A 55-year-old Lowell chiropractor was arrested Thursday on a charge of bribing an IRS auditor to ignore two improper deductions -- payoffs to two women he inappropriately touched during medical appointments -- on his 2011 income-tax form.
A probable-cause hearing is scheduled for March 5 in U.S. District Court, according to U.S. District Attorney Carmen Ortiz.
Stephen D. Jacobs, of Lowell, is charged with bribery of a public official.
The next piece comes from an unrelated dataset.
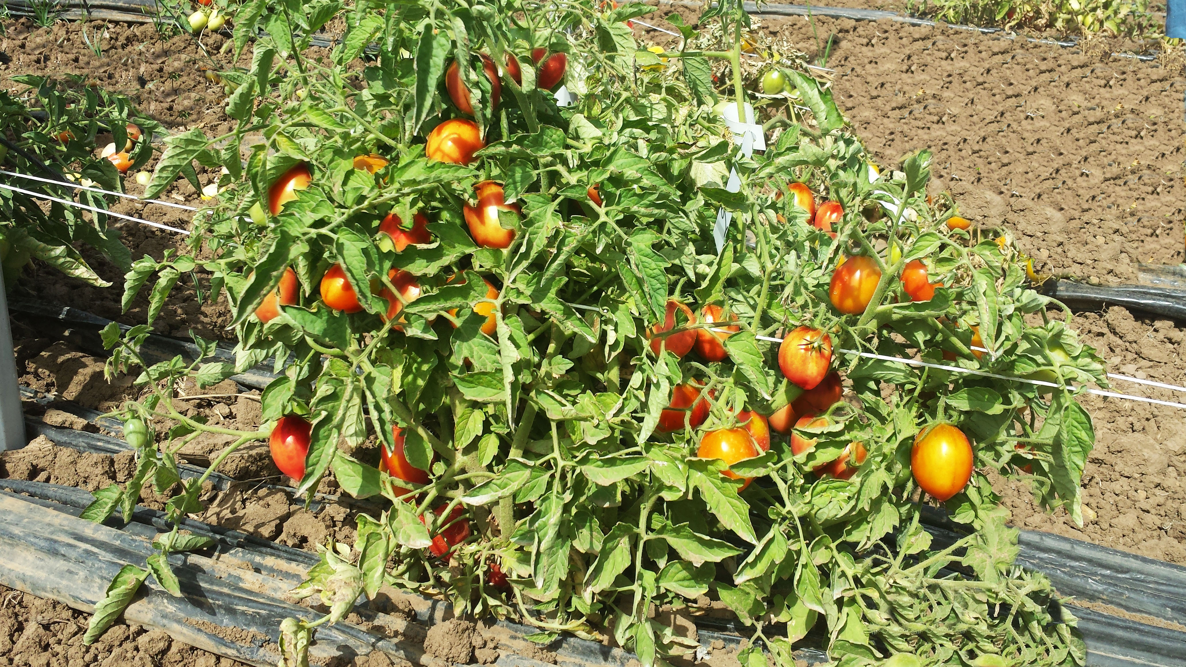 Variety of tomato Fiaschello Battipagliese
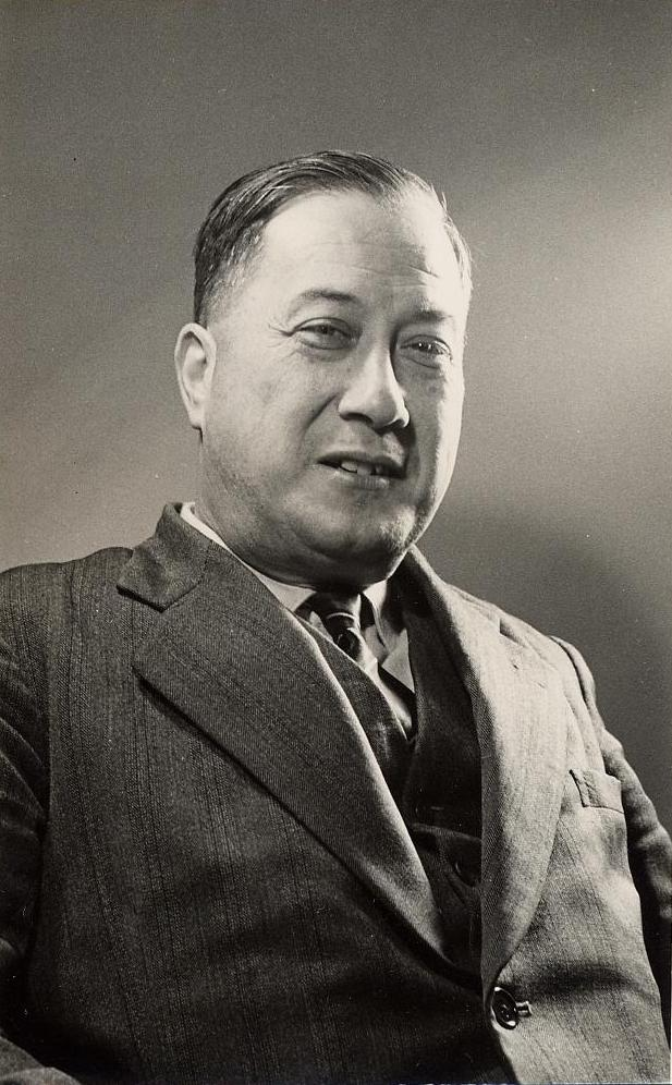 中文（香港）: Portrait of the Rev. Canon George She

The complaint alleges Jacobs paid an auditor $5,000 in cash to ignore the deductions, which were in fact payments Jacobs made to two different women because he touched them inappropriately during medical treatments in 2011 and 2012.
Jacobs could not be reached for comment at his Lowell office, his cellphone or via email.
According to court documents, an IRS agent was assigned to examine Jacob's federal income-tax form for 2011. The agent reviewed a number of issues, including Jacob's student-loan expenses, business expenses, gross receipts, bank statements and other expenses.
Before their initial meeting, Jacobs allegedly called the agent to confirm the appointment. During the conversation, Jacobs inquired whether the agent had the authority to handle issues on his own.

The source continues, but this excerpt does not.